Instructions to follow :: Copy out every line of the data that follows, exactly.

Given material ::
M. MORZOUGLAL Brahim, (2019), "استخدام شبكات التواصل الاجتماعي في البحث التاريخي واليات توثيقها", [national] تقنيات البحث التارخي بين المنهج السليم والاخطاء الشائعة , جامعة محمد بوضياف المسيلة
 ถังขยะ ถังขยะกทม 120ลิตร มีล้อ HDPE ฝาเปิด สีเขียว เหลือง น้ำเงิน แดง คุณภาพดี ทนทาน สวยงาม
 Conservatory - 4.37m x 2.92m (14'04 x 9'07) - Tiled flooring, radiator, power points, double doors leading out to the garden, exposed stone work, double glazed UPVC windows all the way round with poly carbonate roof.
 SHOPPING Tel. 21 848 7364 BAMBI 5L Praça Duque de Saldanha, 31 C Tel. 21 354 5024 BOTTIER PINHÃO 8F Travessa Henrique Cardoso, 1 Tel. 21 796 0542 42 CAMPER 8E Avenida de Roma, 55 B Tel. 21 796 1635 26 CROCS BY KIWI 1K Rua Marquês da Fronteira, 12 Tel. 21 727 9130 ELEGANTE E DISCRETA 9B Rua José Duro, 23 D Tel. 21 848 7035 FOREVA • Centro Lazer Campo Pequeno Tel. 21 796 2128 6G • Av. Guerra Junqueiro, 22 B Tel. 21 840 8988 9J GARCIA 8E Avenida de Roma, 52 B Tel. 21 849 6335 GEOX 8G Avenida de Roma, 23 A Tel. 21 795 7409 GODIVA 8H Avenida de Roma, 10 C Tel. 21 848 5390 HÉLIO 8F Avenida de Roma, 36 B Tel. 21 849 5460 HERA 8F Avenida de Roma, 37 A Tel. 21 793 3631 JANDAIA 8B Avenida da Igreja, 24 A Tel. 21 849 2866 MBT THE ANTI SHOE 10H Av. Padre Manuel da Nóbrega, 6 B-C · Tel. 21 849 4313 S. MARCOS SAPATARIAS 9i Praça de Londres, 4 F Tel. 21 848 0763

Reply ::
M. MORZOUGLAL Brahim, (2019), "استخدام شبكات التواصل الاجتماعي في البحث التاريخي واليات توثيقها", [national] تقنيات البحث التارخي بين المنهج السليم والاخطاء الشائعة , جامعة محمد بوضياف المسيلة
 ถังขยะ ถังขยะกทม 120ลิตร มีล้อ HDPE ฝาเปิด สีเขียว เหลือง น้ำเงิน แดง คุณภาพดี ทนทาน สวยงาม
 Conservatory - 4.37m x 2.92m (14'04 x 9'07) - Tiled flooring, radiator, power points, double doors leading out to the garden, exposed stone work, double glazed UPVC windows all the way round with poly carbonate roof.
 SHOPPING Tel. 21 848 7364 BAMBI 5L Praça Duque de Saldanha, 31 C Tel. 21 354 5024 BOTTIER PINHÃO 8F Travessa Henrique Cardoso, 1 Tel. 21 796 0542 42 CAMPER 8E Avenida de Roma, 55 B Tel. 21 796 1635 26 CROCS BY KIWI 1K Rua Marquês da Fronteira, 12 Tel. 21 727 9130 ELEGANTE E DISCRETA 9B Rua José Duro, 23 D Tel. 21 848 7035 FOREVA • Centro Lazer Campo Pequeno Tel. 21 796 2128 6G • Av. Guerra Junqueiro, 22 B Tel. 21 840 8988 9J GARCIA 8E Avenida de Roma, 52 B Tel. 21 849 6335 GEOX 8G Avenida de Roma, 23 A Tel. 21 795 7409 GODIVA 8H Avenida de Roma, 10 C Tel. 21 848 5390 HÉLIO 8F Avenida de Roma, 36 B Tel. 21 849 5460 HERA 8F Avenida de Roma, 37 A Tel. 21 793 3631 JANDAIA 8B Avenida da Igreja, 24 A Tel. 21 849 2866 MBT THE ANTI SHOE 10H Av. Padre Manuel da Nóbrega, 6 B-C · Tel. 21 849 4313 S. MARCOS SAPATARIAS 9i Praça de Londres, 4 F Tel. 21 848 0763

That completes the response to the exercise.